Each SM has access to something called a register file, a chunk of memory that runs at same speed as SP units, giving an effectively zero wait time on this memory.
- Used for storing registers within threads running on an SP
There is also a shared memory block accessible only to the individual SM -- Used as program-managed cache
Each SM has a separate bus into the texture memory, constant memory and global memory space
- Texture Memory -> Special view onto the global memory
  - Useful when there is data interpolation (2D or 3D lookup tables)\
- Constant Memory
  - used for read-only data and is cached on all hardware revisions
- Global Memory
  - supplied via GDDR (Graphic Double Data Rate) on graphics card
  - High performance version of DDR memory
Each SM also has two or more special purpose units (SPUs)
- for performing special hardware instructions --> high speed 24 bit sin/cosine/exponent operations.

CPUs and GPUs¶

Programming is a very low level affair
Sloppy code means poor use of the CPU and available memory, which could translate into needing a faster CPU or more memory.
To really get performance out of the hardware, you need to understand how it works.

Compute Levels¶

Compute 1.0¶

Found on older graphic cards.
lacked feature for atomic operations -> Couldn't guarantee a complete operation without any other thread interrupting.
Hardware implements a barrier point at entry of atomic functions to guarantee completion of operation (add, sub, min, max, etc.)
Now obsolete.

Compute 1.1¶

cudaGetDeviceProperties() returns the deviceOverlap property, which defines if this functionality is available.

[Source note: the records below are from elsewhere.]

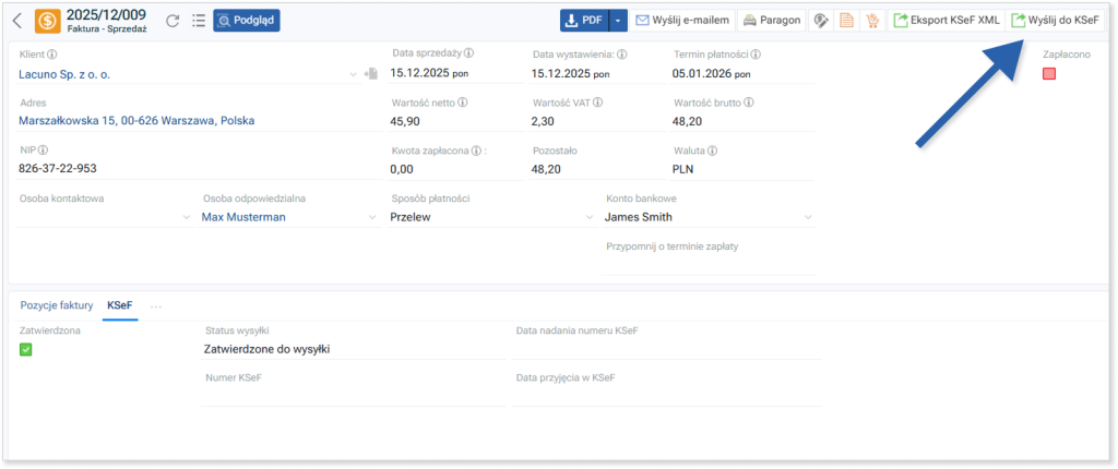 Następnie przejdź do szczegółów utworzonej faktury i kliknij przycisk „Wyślij do KSeF” w górnym pasku. Faktura zostanie przesłana do KSeF.
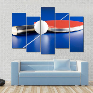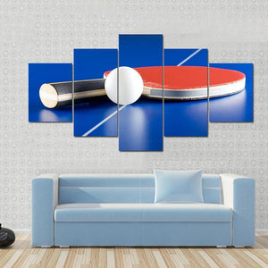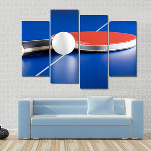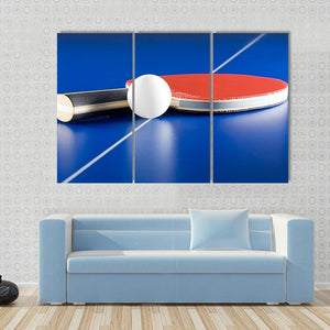 This dynamic canvas art features a close-up of a ping pong paddle and ball, capturing the energy of the sport. The bold colors of blue, red, and white create a modern and abstract vibe, perfect for adding a sporty touch to your décor.
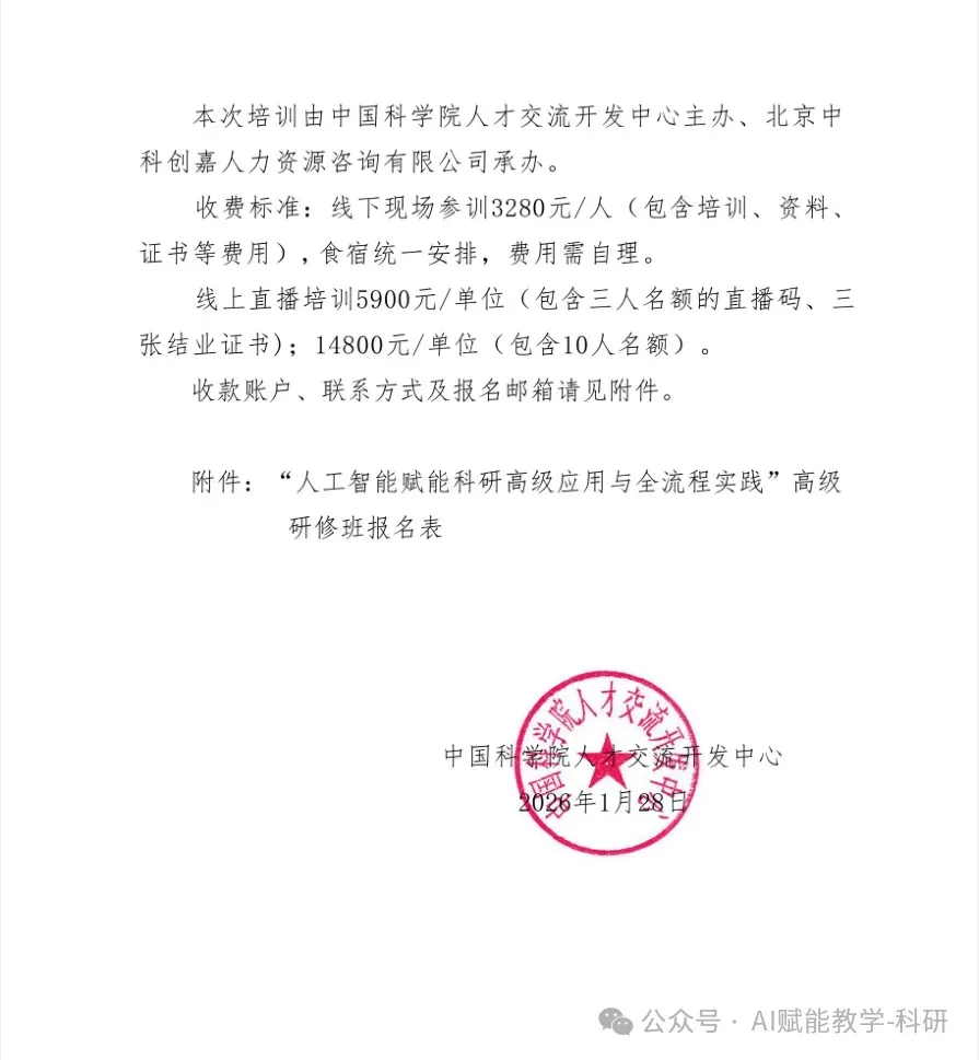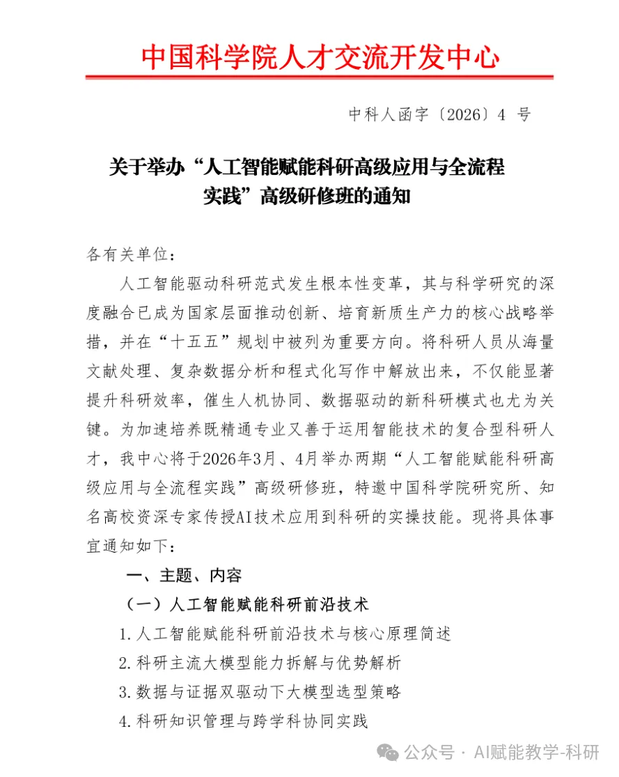 这正是“人工智能赋能科研高级应用与全流程实践”高级研修班旨在解决的核心问题。本次研修由中国科学院人才交流开发中心主办,旨在帮助科研人员系统掌握从文献挖掘到成果发表的AI全栈实战能力。
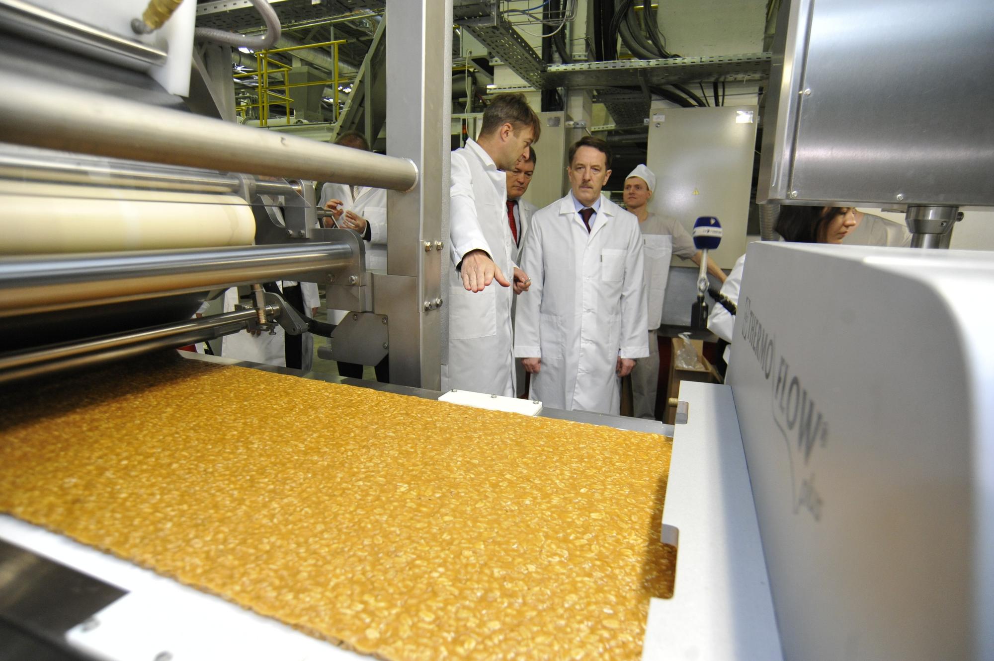 Алексей Гордеев осмотрел запустившиеся технологические линии по производству попкорна, соленых тыквенных семечек, конфет на основе нуги и карамелизированных вафель. Главе региона также показали работающий распределительный центр площадью 36000 кв. м. на 52000 паллетомест. Центр укомплектован универсальными паллетными стеллажами высотой 12 м и полностью покрывает потребность предприятия в хранении запасов готовой продукции, позволяет обеспечивать оперативную отгрузку товара.
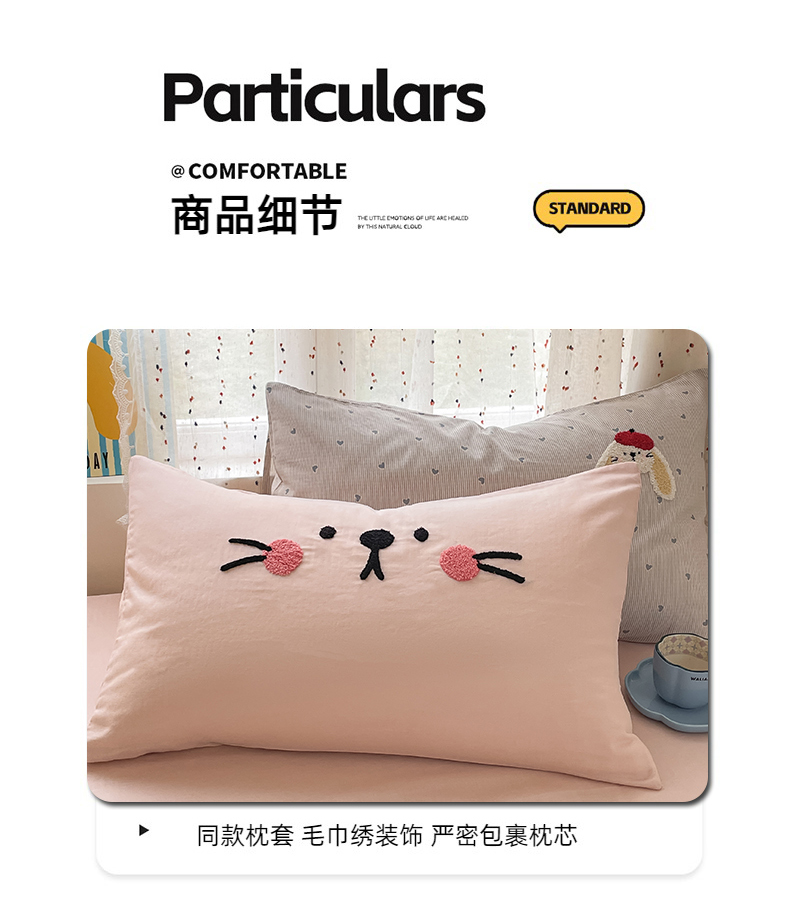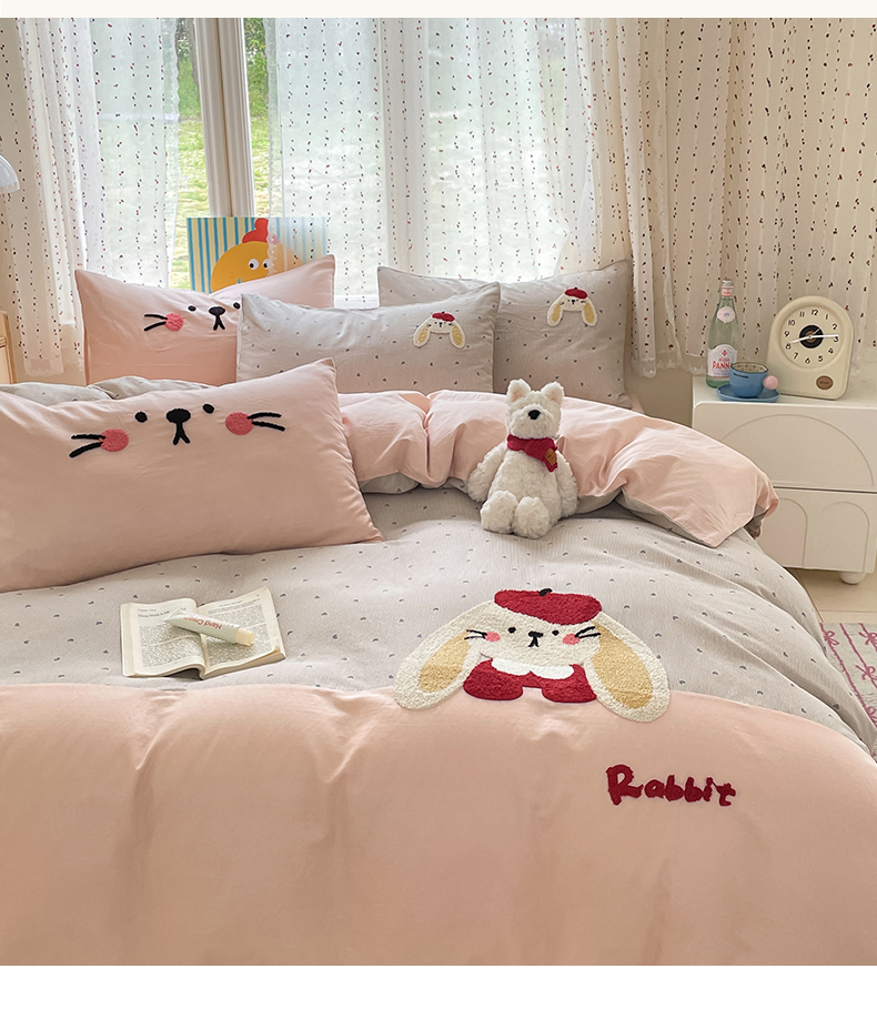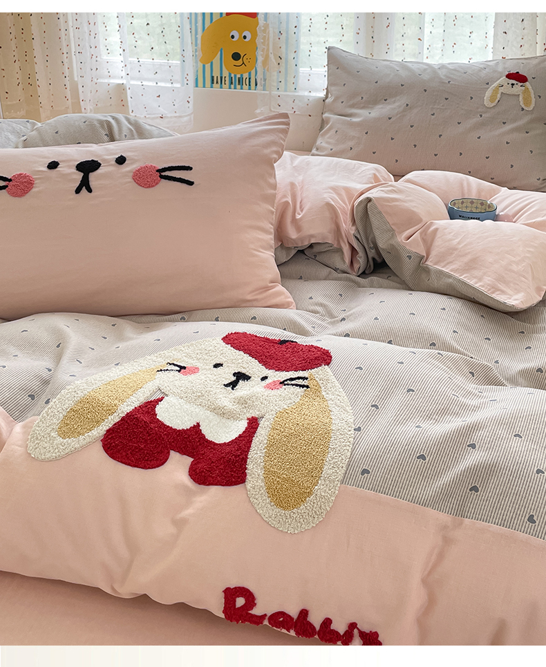 商品名称:寐居家纺 2025新款全棉纯棉A类双层纱拼接毛巾绣花四件套 萌兔之星
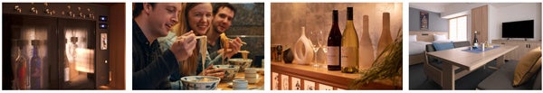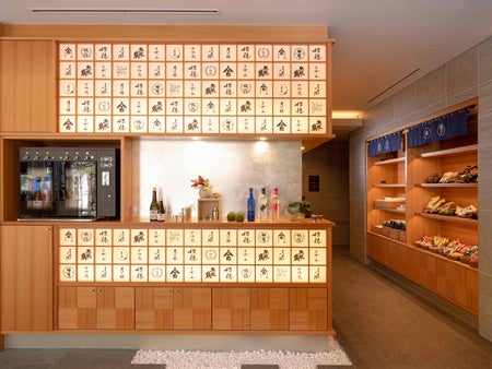 エントランスから一歩足を踏み入れると、のれん、提灯、屋台、酒樽など、日本の粋なデザインを集めた「IZAKAYA」空間が広がります。ウェルカムサービスの日本酒やソフトドリンク・駄菓子で、みんなで集まった記念に乾杯したり、出がけや寝る前に一杯飲んだり、時間に縛られず、お酒と会話で深まる「ほろ酔い」コミュニケーションをお楽しみいただけます。

Which functionality you ask? read on..
This version brought in support for overlapped data transfer and kernel execution.
To use this method we require double the memory space we'd normally use.
Cycles
1. GPU is idle, CPU fills Buffer 0
2. GPU processes buffer 0, CPU fills buffer 1
3. GPU processes buffer 1 , CPU reads from Buffer 0, Fills buffer 0.
4. Continues alternatively
Dual buffering method largely hides the latency of GPU-to-CPU and CPU-to-GPU transfers and keeps both the CPU and GPU busy.

Compute 1.2¶

2x number of CUDA core processors on a single card
NVIDIA increased number of concurrent warps a multiprocessor could execute from 24 to 32.

Compute 1.3¶

Introduction to support or limited, double-precision calculations
A mixture of single and double precision operations can be used starting with this version.

Compute 2.0¶

Switched to the Fermi Hardware
Introduced
- 16k to 48k of L1 cache memory on each SP
- a shared L2 cache for all SMs
Extension in size of shared memory from 16K per SM to 48K per SM
Shared Memory banks increased from 16 to 32.
Tesla-based devices
- Support for ECC (Error Correcting Code) -- based memory checking and error correction
- support for dual-copy engines
Cache Introduction makes it easier for programmers to write programs that work well on GPU
L2 cache is up to 768K in size
ECC Memory is a must for Data centers, as it provides automatic error detection and correction. Why is it needed for data centers and not personal devices?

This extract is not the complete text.